The Blue Castle by L. M. Montgomery
Today, L. M. Montgomery is remembered primarily for her best-selling Anne of Green Gables and its sequels, which have been constantly in print since they were first published. The Blue Castle is one of her two novels for adults and my absolute favorite of all her warm and funny books. Valancy is diagnosed with a terminal heart condition and decides to throw over the rigid control her family exerts on her. The story largely concerns how Valancy liberates herself and develops her own identity. The novel is also extremely funny and full of the gorgeous natural descriptions at which Montgomery excelled.

Precious Bane by Mary Webb
Precious Bane was Mary Webb's only hit novel and the only one that is easy to track down without spending a fortune. Her style is simple and heavily influenced by the Shropshire dialect and she has a gift for revealing beauty in ordinary things. The novel is narrated by Prue, a farmer's daughter with a hare lip who has been taught to read and write by the local "wizard." This unpretentious novel absolutely deserves greater recognition and perhaps a good run on the book club circuit.

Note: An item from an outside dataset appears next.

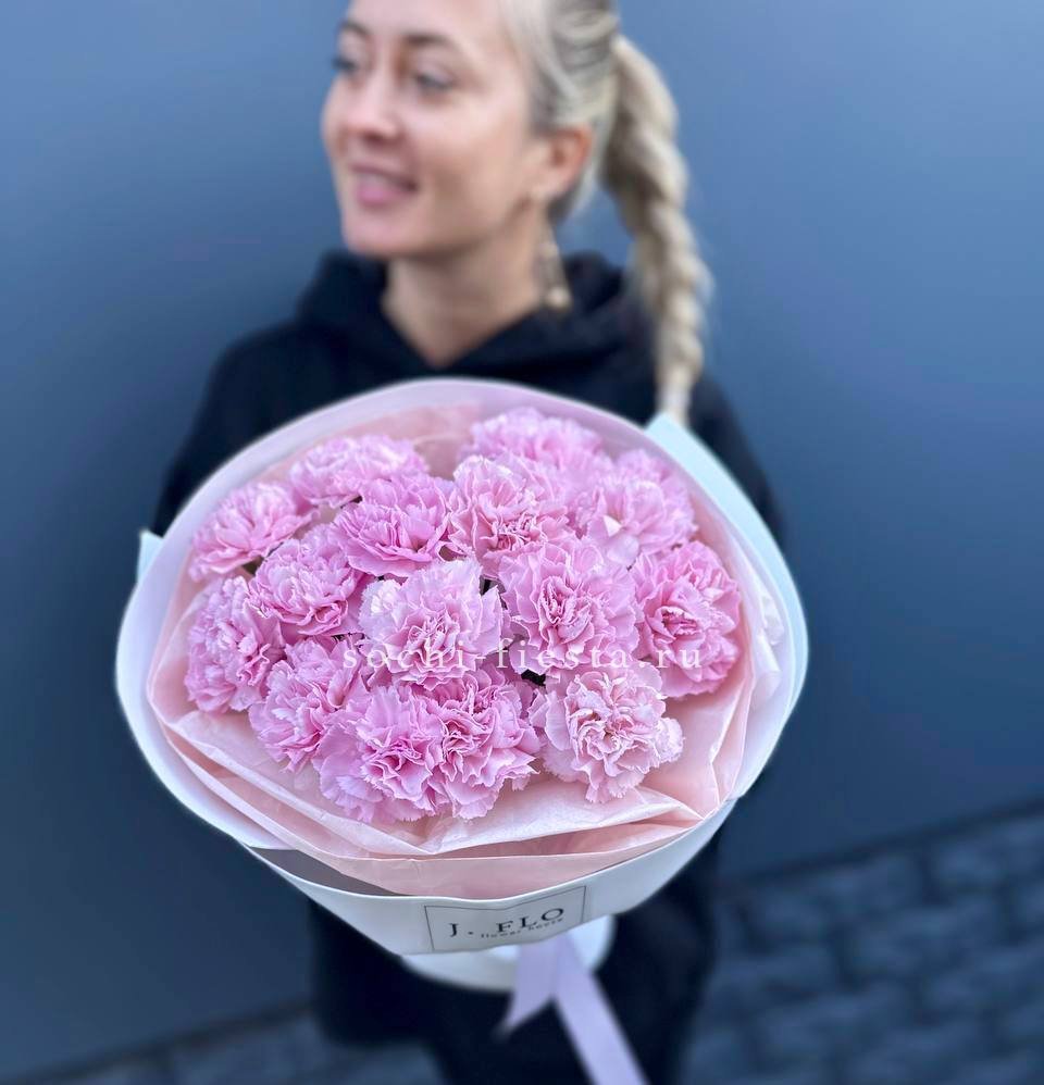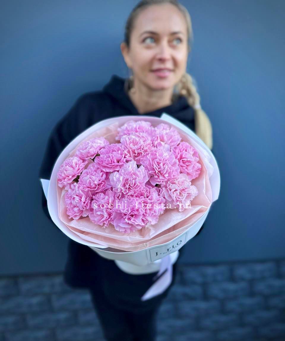 Одиннадцать кустовых роз с густыми многолепестковыми бутонами в нежно-розовой гамме. Каждая ветка раскрывается несколькими головками, создавая пышную объемную форму. Для тех, кто любит выразительные букеты с характером.

Hopefully, we will soon see some new affordable editions of these books!


  1. I remember reading a very entertaining book by Paul Gallico, years grandmother had a copy. It was called "The Hand of Mary Constable", about a medium who was fleecing vulnerable people. Very eerie and fun. That started me on a bit of a Gallico "kick" and I read the lovely "Mrs. 'Arris" books, and some others too. Hard to believe they are all out of print. They certainly wouldn't feel contemporary to today's readers, but they wouldn't be so terribly outdated, either. Thanks for reminding me about a fun author!

  2. I loved Blue Castle! Such a breath of fresh air from the usual period novel. These are terrific additions; I believe The Professor will be next on my list.